Джарред мало-помалу внушил дочери глубочайшую веру в его гениальность. Он говорил о тех вещах, которые мог бы сделать и еще сделает, если судьба будет благосклонна к нему — это была наиболее частая тема, к которой он обращался в своих монологах. Эти рассказы обычно были рождены ярким воображением и пинтой шестипенсового элля.

Луиза Гарнер безоговорочно доверяла своему отцу и жила с постоянным чувством гнева против общества за то, что оно не признавало и плохо обращалось с ним. Ей казалось очень несправедливым то, что такой человек, как Джарред Гарнер, не мог иметь своего места и власти, карет и лошадей, прекрасного дома, роскошной одежды и собственной земли, дающей ежедневное пропитание. Должно быть, существовала какая-то ошибка, сплетение лжи в мировом механизме, допустившем, чтобы Джарред носил, обтрепанные ботинки и ел скудный обед. Это чувство, воспитанное дикими отцовскими монологами, росло вместе с тем, как росла Луиза и нашло свое выражение в скрытом недовольстве, которое отображалось даже на ее лице, таком похожем на отцовское, только глаза были больше и мягче и рот выглядел более маленьким и аккуратным, но цвет кожи и черные волнистые волосы выглядели такими же цыганскими и в каждой черте лица была решительность и гордость. Красота Луизы Гарнер была мягкой и спокойной, ее чистота была искренней и неподдельной. Да, в моменты хорошего настроения мистер Гарнер мог сказать: «Лу, неплохая девочка». Ни эгоизм, ни тщеславие не нашли себе места на Войси-стрит. Другие пороки могли бурно разрастаться здесь, но для этих здесь не было благоприятной почвы.

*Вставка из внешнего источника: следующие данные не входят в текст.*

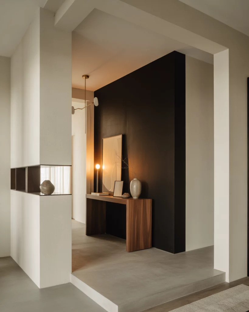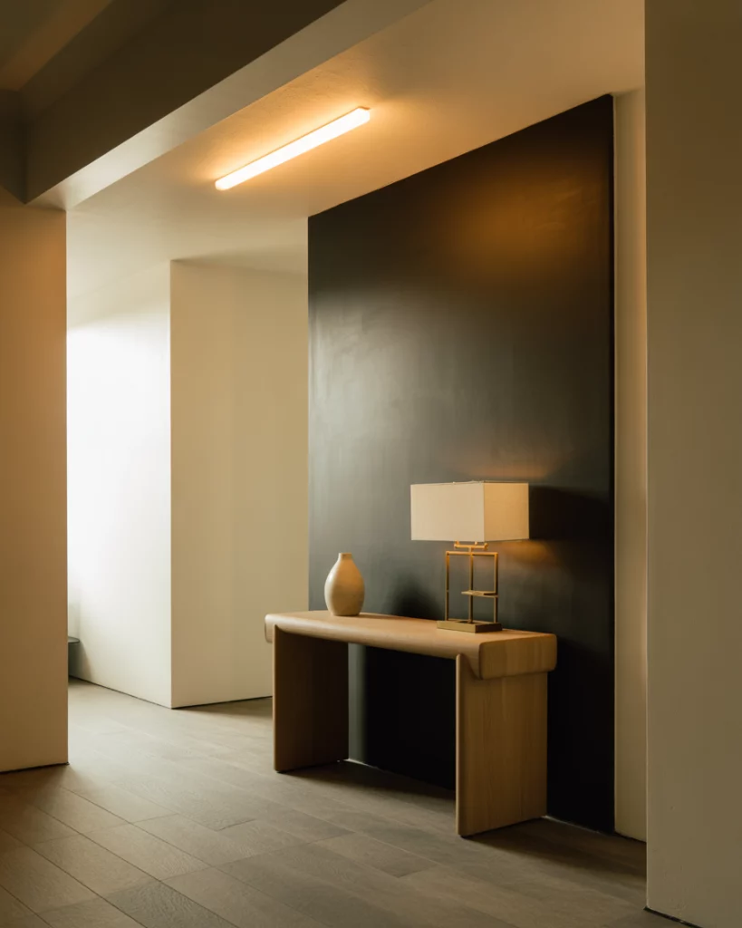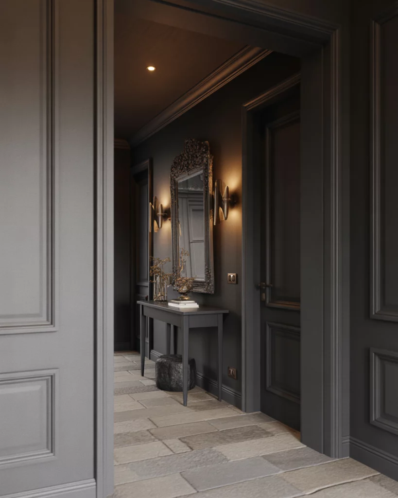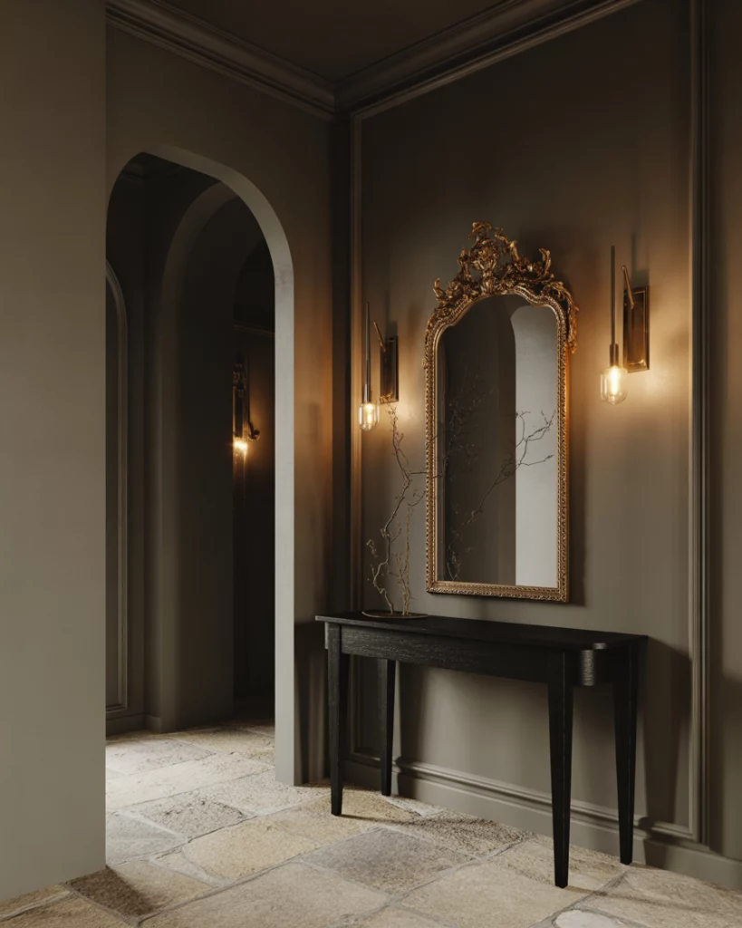 For those craving depth, a moody European-inspired foyer makes a strong first impression. Deep dark tones, dramatic lighting, and rich finishes create instant atmosphere. This approach borrows from historic apartments and modern boutique hotels, turning the entry into a moment rather than a hallway. Designers often recommend anchoring darker foyers with reflective surfaces. Mirrors and subtle metallic accents prevent the space from feeling heavy while preserving the drama homeowners are after.
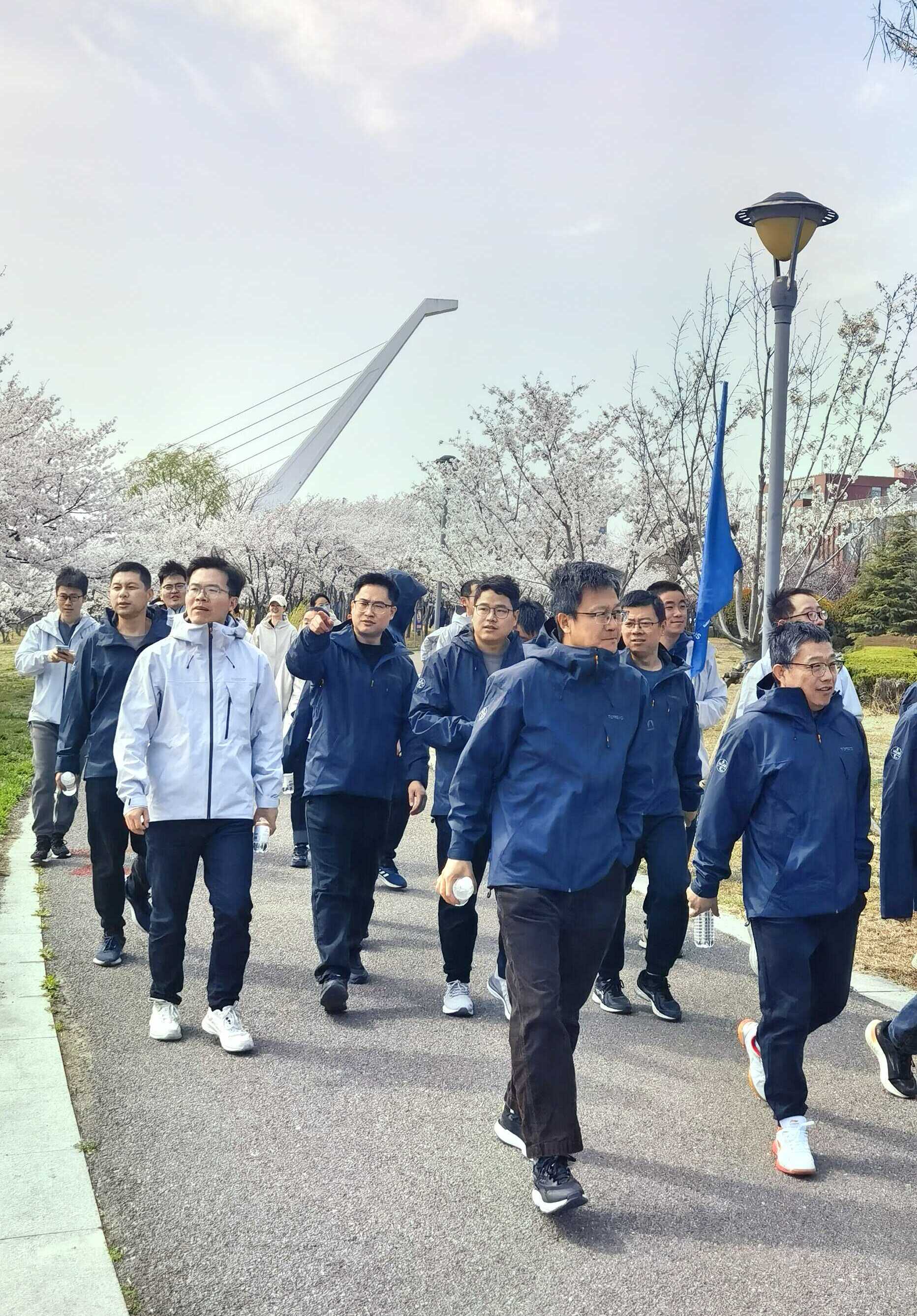 下午2时,健步行活动参与职工在楼下集合,合影留念后,活动正式启动,职工们精神抖擞地踏上征程。健步路线精心规划,沿途经过高新区中央智力岛环湖步道、澜湾艺术公园等特色区域,如云似雪的樱花已进入盛花期,层层叠叠的花瓣在阳光下泛着珍珠般的光泽,蜜蜂在花间忙碌,鸟雀在枝头啼鸣,处处都是春天的絮语。澜湾艺术公园的小广场上空,几只风筝正乘着春风扶摇直上。大家漫步在湖边小径上,边走边感慨,平时忙忙碌碌没有放慢脚步欣赏春日美景,今天才发现园区周边环境也这么优美。

Это была ее участь — выносить все трудности жизни, сидеть неизвестно на чем, спать на самом краешке кровати ее бабушки, раньше всех вставать и позже всех ложиться, бегать по разным поручениям в дождливую погоду, носить туфли даже после того, как они переставали выполнять свою функцию, питаться разными остатками и в награду за это получать нравоучения от отца, смешивающиеся с ругательствами и ворчанием бабушки.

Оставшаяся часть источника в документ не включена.